Guirgis v JEA Developments Pty Limited  NSWSC 164 (26 February 2019), Kunc J (Supreme Court of New South Wales)
This is the first NSW case dealt with in the caveatsvictoria.blog. It is a reminder of the care needed in lodging a caveat, specifically here in the context of the Electronic Conveyancing National Law, as denoted in the opening words of the judgment –
“Lodging a caveat is not a trivial act to be undertaken lightly. It has immediate legal effect and can have significant commercial and financial consequences. Legal practitioners and licensed conveyancers who advise on, prepare and certify caveats that are lodged electronically have an important role to ensure that obviously unmeritorious caveats are not lodged. This judgment arises from a failure by a licensed conveyancer to perform that role properly”.
The facts were –
- The plaintiff and his wife were engaged in Family Court litigation.

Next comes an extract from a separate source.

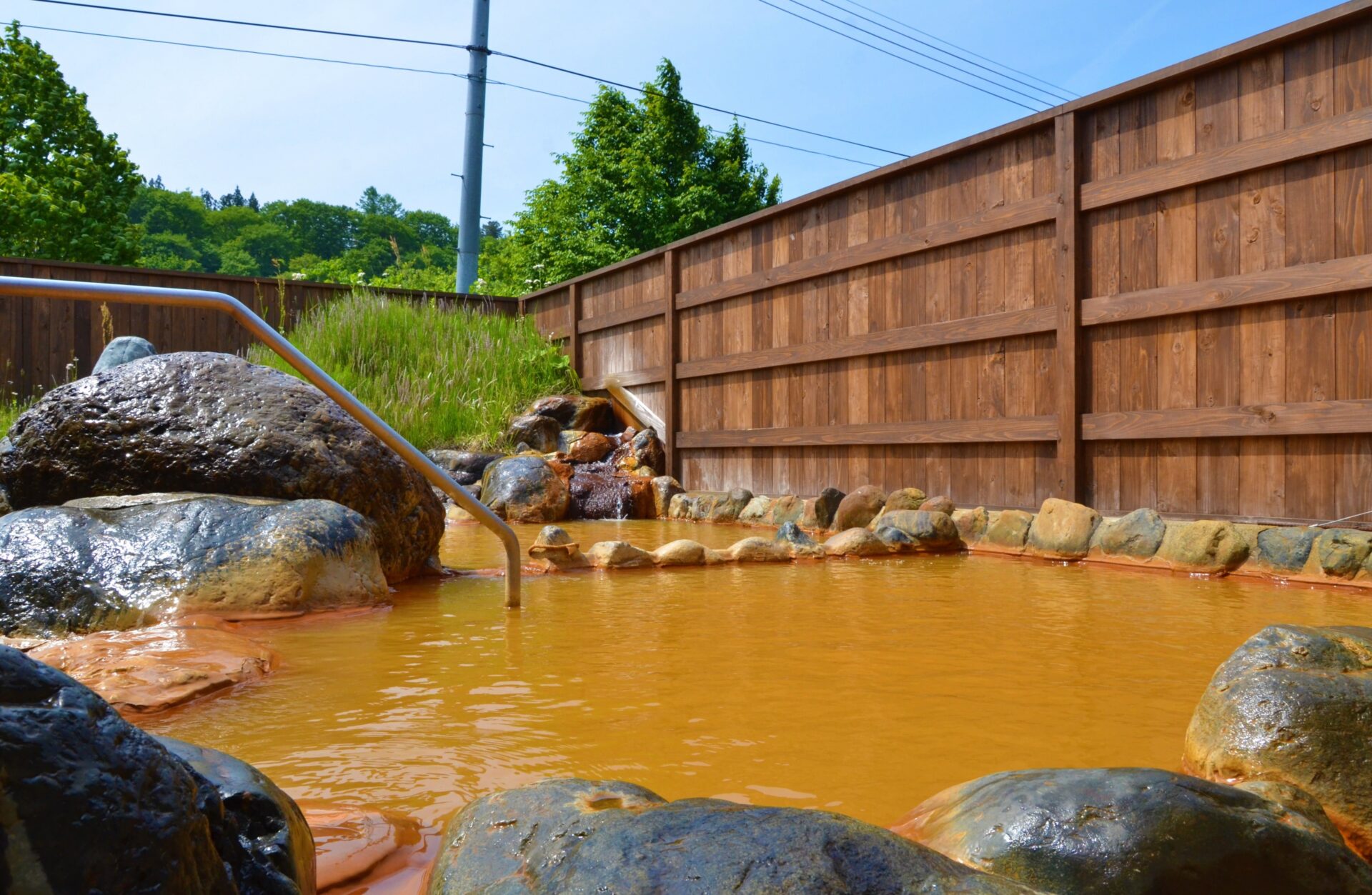 鮎釣りの聖地として知られる伊南川沿いに湧く温泉です。一瞬目を疑う程の濁りが特徴で、泉質はナトリウム塩化物泉です。温泉成分中の鉄分含有量が豊富で、酸化した鉄成分が湯を、そして岩をも赤く染めています。全浴…
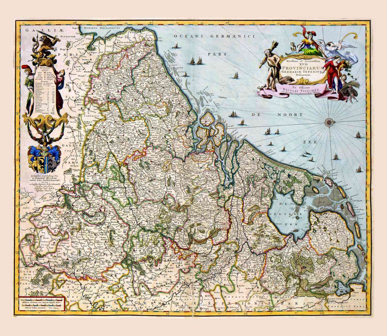 Kaart van de Nederlanden, inclusief België en Luxemburg van Nicolaas Visscher. Het noorden is rechts op de kaart.

She was the sole director, secretary and shareholder of the defendant.
- In December 2018 he entered into a contract for the sale of a property owned by him, with settlement due on 25 February 2019.
- On 11 February 2019 a caveat was lodged over the land electronically through PEXA. The caveat had been prepared, certified, electronically signed and lodged on behalf of the defendant by a licenced conveyancer, whose company was described on the caveat as the “Responsible Subscriber”. The estate or interest claimed was a charge, by virtue of an agreement between the defendant and the plaintiff. Under “Details Supporting The Claim” was “Outstanding loan”. The caveat also stated certain things to the best of the knowledge of the Subscriber including that the caveator had a good and valid claim to the estate or interest claimed.
- After his solicitor unsuccessfully attempted to obtain evidence of the alleged agreement from the conveyancer, the plaintiff commenced this proceeding seeking orders under ss. 74MA and 74P of the Real Property Act 1900 (NSW) for the removal of a caveat and for compensation against the defendant.
- At the hearing on 20 February the plaintiff asserted that he had never entered into any agreement of the kind alleged in the caveat. Mrs Guirgis, who appeared in person, stated that there was no written loan agreement and insofar as there was any agreement it was “a husband and wife agreement” containing nothing giving the defendant a mortgage, charge or other interest in the property. She acknowledged that the caveat was a negotiation tactic for a Family Court hearing. The defendant was ordered to remove the caveat with costs.
- The judge questioned Mrs Guirgis about her dealings with the conveyancer. Mrs Guirgis stated that: she phoned the conveyancer and asked that caveat be lodged; the conveyancer gave no advice about this; and the conveyancer asked whether there was an agreement between the plaintiff and the defendant to which the answer was yes, but the conveyancer did not ask whether it was in writing or oral.
- His Honour formed a prima facie view that the conveyancer had been delinquent, required the conveyancer to appear to explain why the papers should not be referred to the appropriate body to consider disciplinary action, and on the conveyancer appearing and apologizing etc (under the heading in the judgment “The Conveyancer’s contrite explanation”, including “It is the first caveat I have ever put on” ) decided to take no further action, but also published his reasons “to make clear how seriously the court viewed the obligations of those who advise on, prepare and certify caveats” ().
His Honour –
- Set out at length the NSW statutory provisions on caveats and electronic conveyancing (ie the Electronic Conveyancing National Law). -
- Held that the caveat and the conveyancer’s purported certification of it were deficient in at least five respects. 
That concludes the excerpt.